Vingt-sept octobre 2007, le Brésil est euphorique. La Fifa vient de confier au pays l’organisation de la 20e édition de la Coupe du monde de football. Promesse d’importantes retombées économiques, cette « Copa » doit alors symboliser la « réussite » du géant sud-américain et confirmer son statut de nouvelle « puissance émergée ». Depuis, pourtant, l’optimisme a cédé le pas à la colère et à la frustration comme le montre la multiplication récente des tensions et conflits sociaux dans le pays.

Première cible de la critique, les dépenses colossales engagées pour l’organisation de l’événement qui atteignent d’ores et déjà près de 10 milliards d’euros ! Chiffre qui bien entendu ne prend pas en compte les dépenses liées, par exemple, à la sécurité aux abords des stades durant l’événement.
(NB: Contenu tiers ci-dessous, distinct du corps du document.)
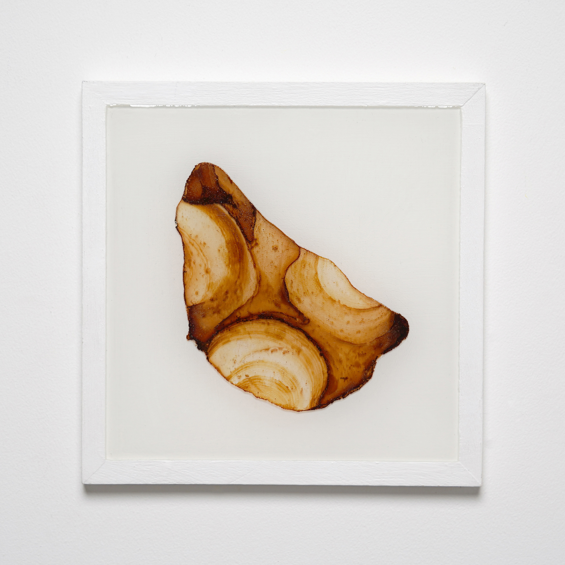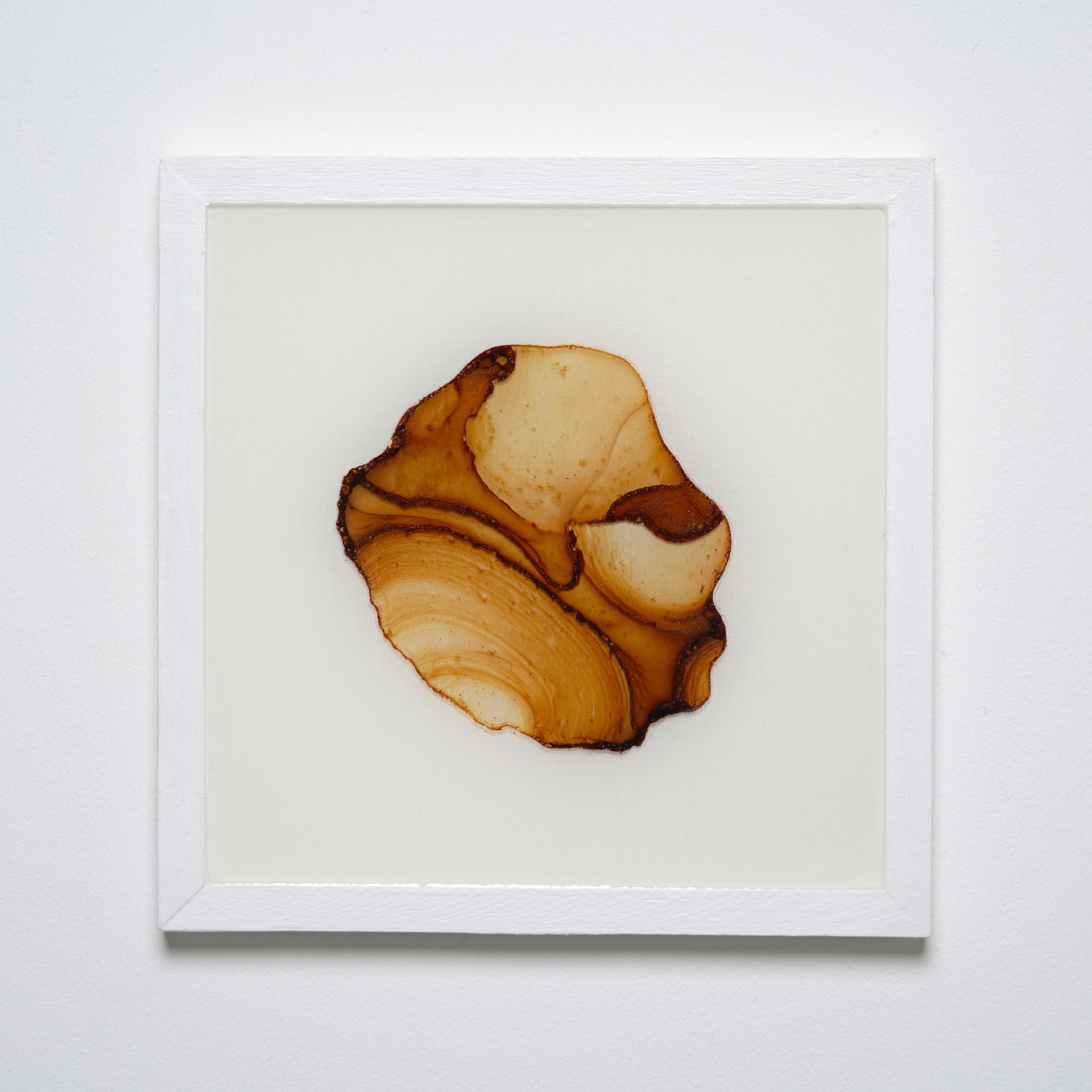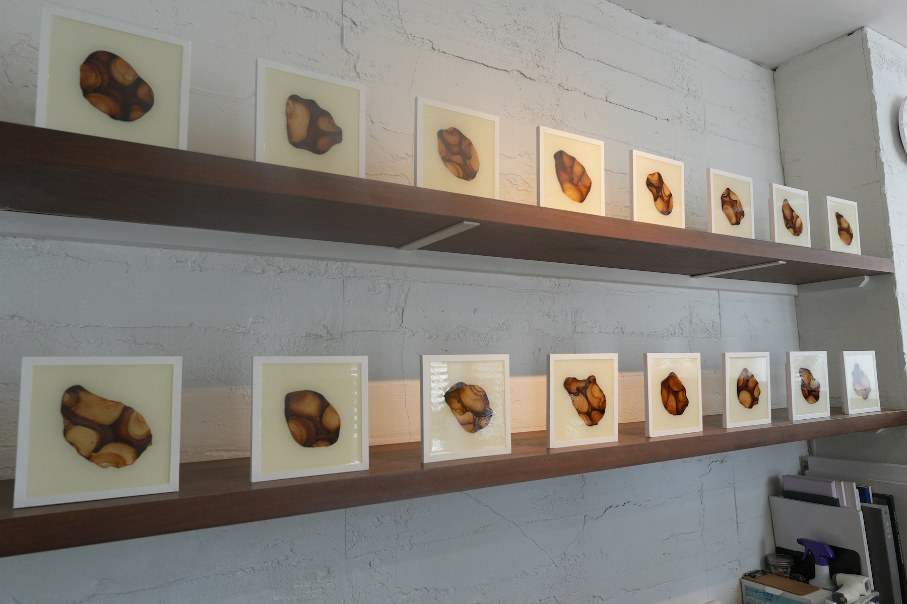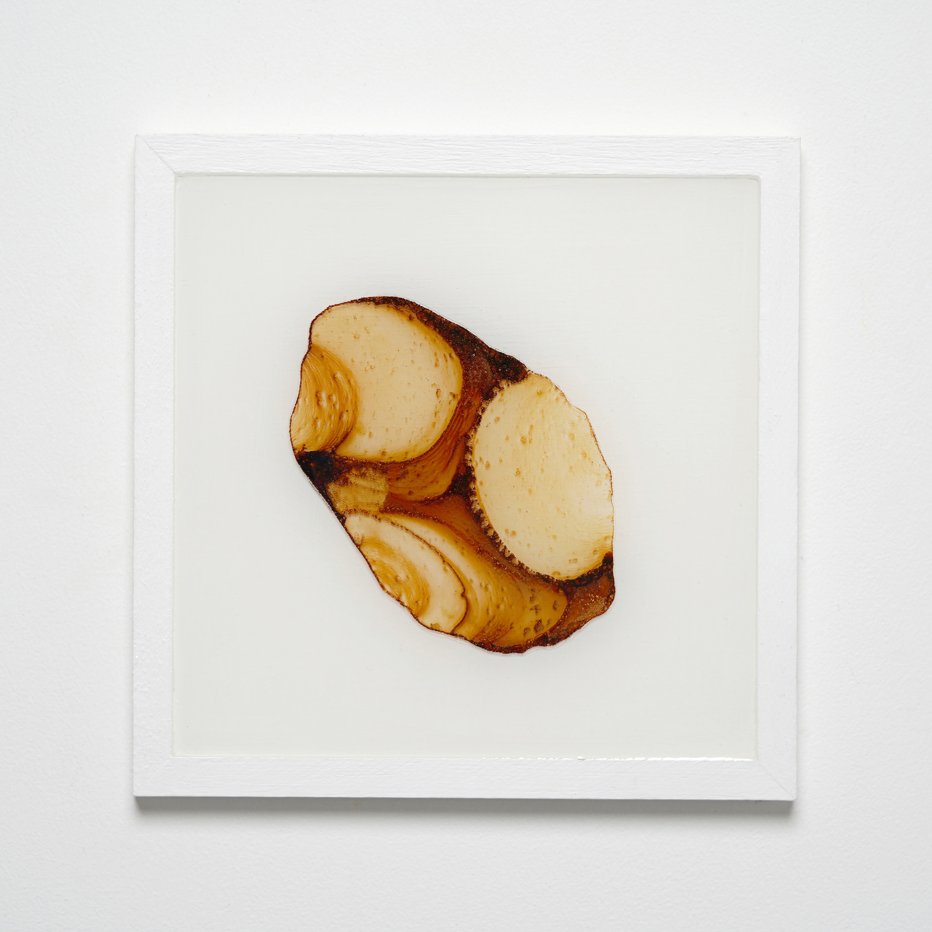 薄いプラ板に紅茶を垂らして乾燥させると、コーヒーリング効果で表面に濃淡のある模様が定着する。オーブンで焼くと収縮して密度が上がり、色合いも鮮やかになる。これをレジンに封入した作品。色の違いは扱う紅茶の種類による。正方形作品は1辺10cm。横長の作品は長辺30cm。
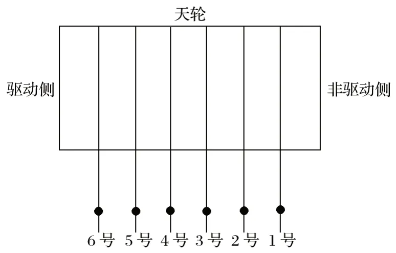 3 故障診斷分析3.1 鋼絲繩張力測試分析 鋼絲繩張力測試在 2 種工況下進行,分別是配重在井口時和配重在井底時。測試時,提升機要保持靜止狀態(tài),用小錘依次敲擊鋼絲繩,并用測振儀器記錄數(shù)據(jù)。從非驅(qū)動側(cè)到驅(qū)動側(cè)的鋼絲繩編號為 1~6,如圖 2 所示。鋼絲繩振動測試結(jié)果如表 1 所列。
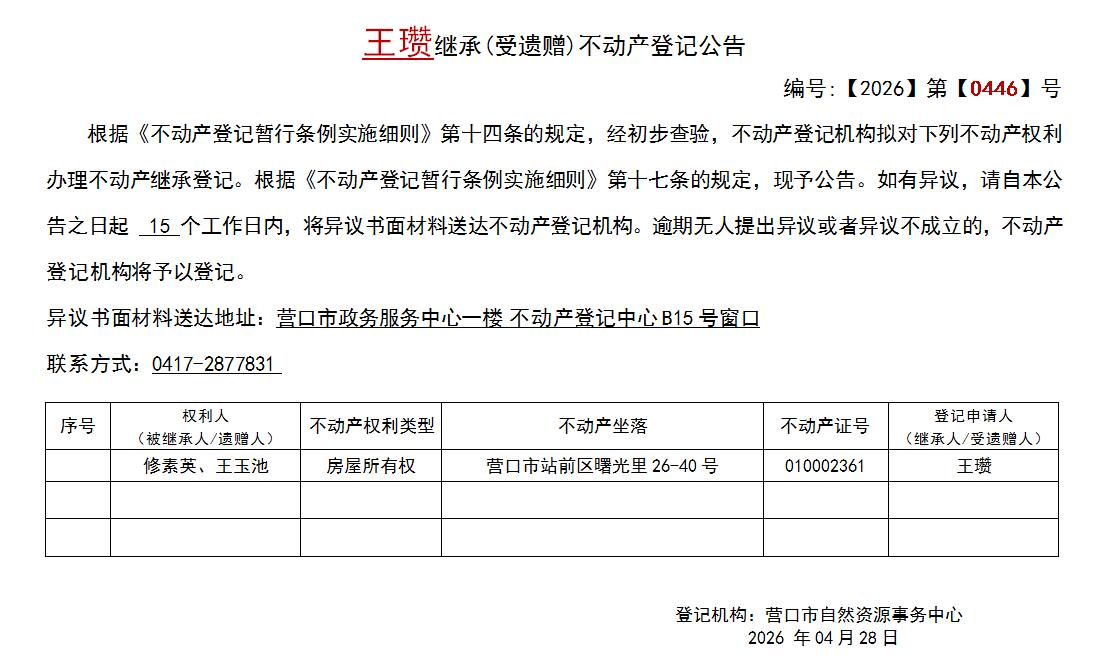 王瓒继承(受遗赠)不动产登记公告-公示公告-营口市不动产登记中心
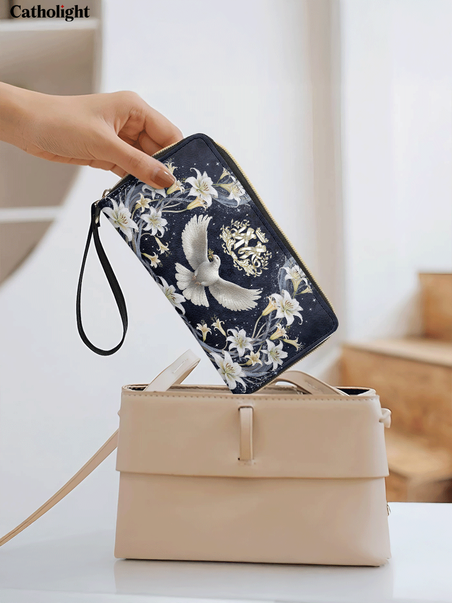 Crafted from high-quality leather, this wallet is as functional as it is beautiful, featuring multiple compartments for effortless organization. The lilies, often associated with faith and renewal, perfectly complement the dove's representation of the Holy Spirit, making this wallet a powerful emblem of hope and sacred devotion.
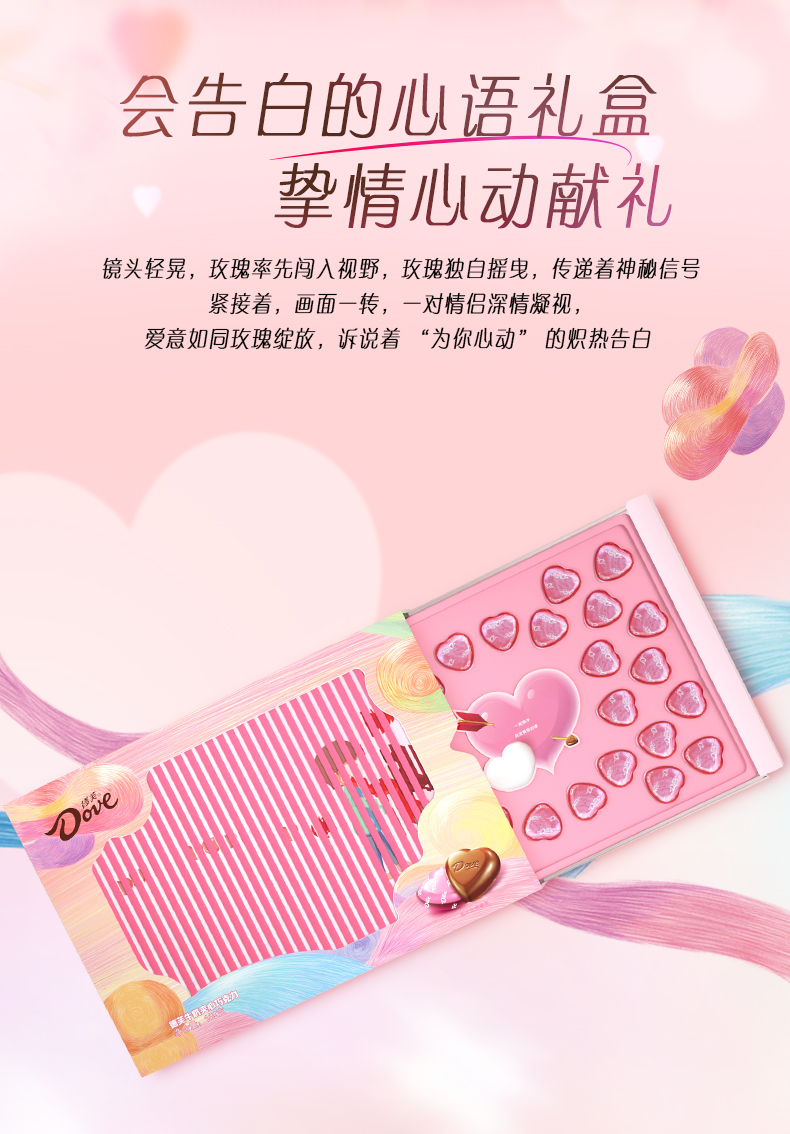 、精美的礼盒设计:采用【心语】元素设计,充满了浓厚的浪漫氛围,节日以及平时的浪漫之礼。心语心型巧克力:每个巧克力都是心型的,适合情侣、家人或朋友之间互赠或表达爱意,2

A titre de comparaison, pour organiser la précédente Coupe du monde, le gouvernement sud-africain avait engagé 3,45 milliards d’euros, pour un budget initialement prévu de 202 millions, ce pour des retombées bien moindres que celles escomptées au départ.

Retour sur investissement auquel ne croit pas non plus une bonne partie de la population brésilienne. De plus en plus nombreux sont ceux aujourd’hui qui qualifient l’organisation du Mondial de farce, sans bénéfice aucun pour la population, tandis que d’autres l’accusent de renforcer la fracture sociale ou encore d’être un vecteur de corruption. Et les groupes protestataires de dénoncer pêle-mêle les dépenses somptuaires réalisées dans le cadre de l’événement, l’inutilité de certains travaux, comparés parfois à « des éléphants blancs » , l’opacité de certains contrats et concessions dont ne tire profit qu’une poignée de grosses entreprises privées, les malversations ou détournements de fonds dont sont accusés plusieurs responsables politiques et sportifs, la flambée du prix des loyers dans les villes où se tiendra la compétition, ou encore l’imprévoyance des autorités dans un contexte de ralentissement économique, de reprise de l’inflation, et d’annonces répétées par le gouvernement de restrictions budgétaires dans plusieurs secteurs.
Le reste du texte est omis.